YOUR GOAL: Lines below starting with the line with "2026 10:01:28 +0800" and going on through the line with "소규형양배추는 무게가 0.8~1.2kg으로" must be output exactly; the rest of the records must be left out.

TASK INPUTS:
++++++++++++++++++++

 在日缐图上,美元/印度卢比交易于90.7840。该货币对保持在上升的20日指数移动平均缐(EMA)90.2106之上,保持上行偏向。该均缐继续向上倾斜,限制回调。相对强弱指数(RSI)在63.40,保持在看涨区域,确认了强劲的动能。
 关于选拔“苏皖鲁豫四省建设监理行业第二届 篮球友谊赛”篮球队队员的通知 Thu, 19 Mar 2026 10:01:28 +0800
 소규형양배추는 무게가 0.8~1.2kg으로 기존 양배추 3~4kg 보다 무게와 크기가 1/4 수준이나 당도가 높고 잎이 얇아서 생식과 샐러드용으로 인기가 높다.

++++++++++++++++++++

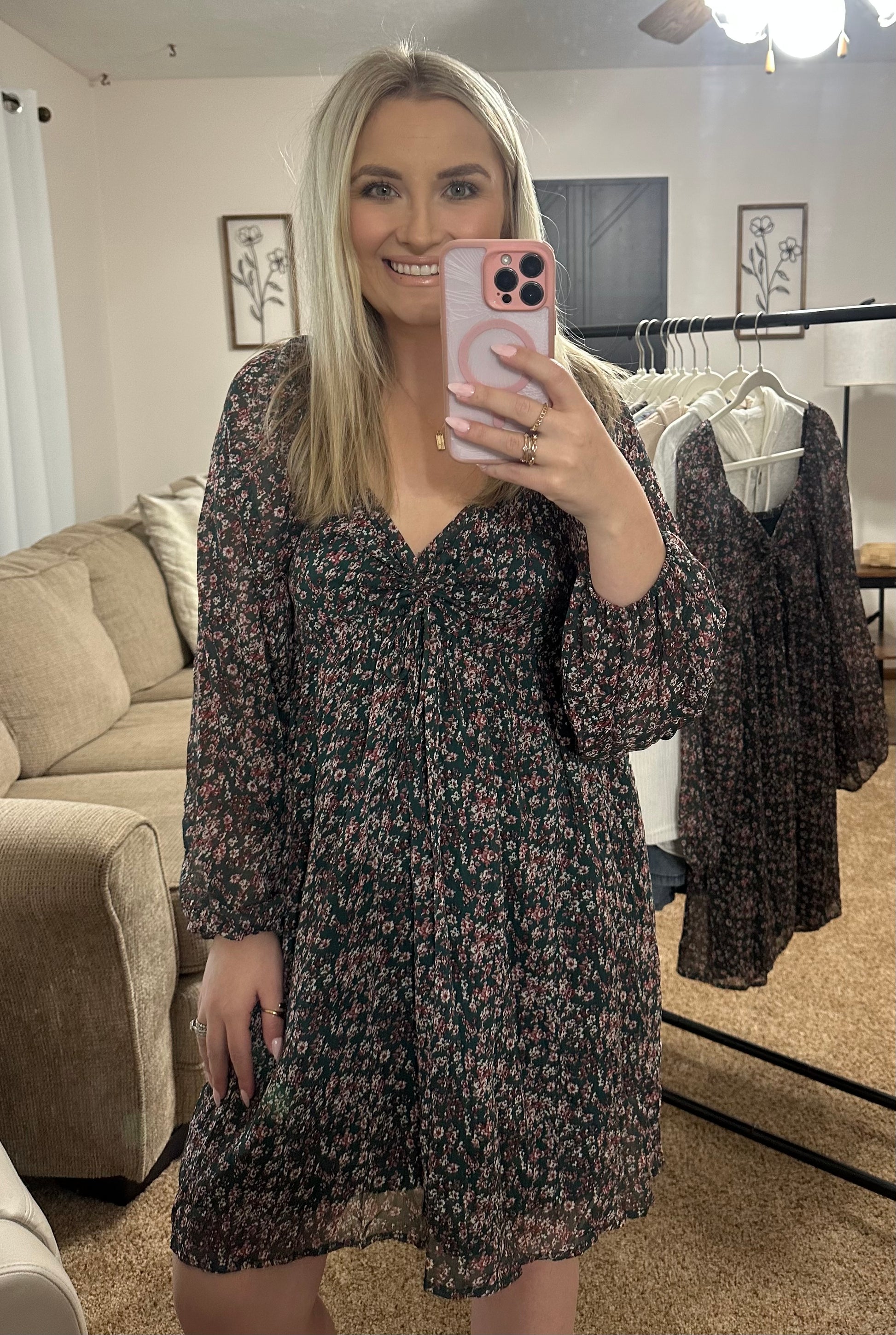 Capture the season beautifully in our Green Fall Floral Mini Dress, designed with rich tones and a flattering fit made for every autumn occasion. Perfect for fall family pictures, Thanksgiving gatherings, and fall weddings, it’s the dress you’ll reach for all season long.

++++++++++++++++++++

FINISHED EXERCISE:
 关于选拔“苏皖鲁豫四省建设监理行业第二届 篮球友谊赛”篮球队队员的通知 Thu, 19 Mar 2026 10:01:28 +0800
 소규형양배추는 무게가 0.8~1.2kg으로 기존 양배추 3~4kg 보다 무게와 크기가 1/4 수준이나 당도가 높고 잎이 얇아서 생식과 샐러드용으로 인기가 높다.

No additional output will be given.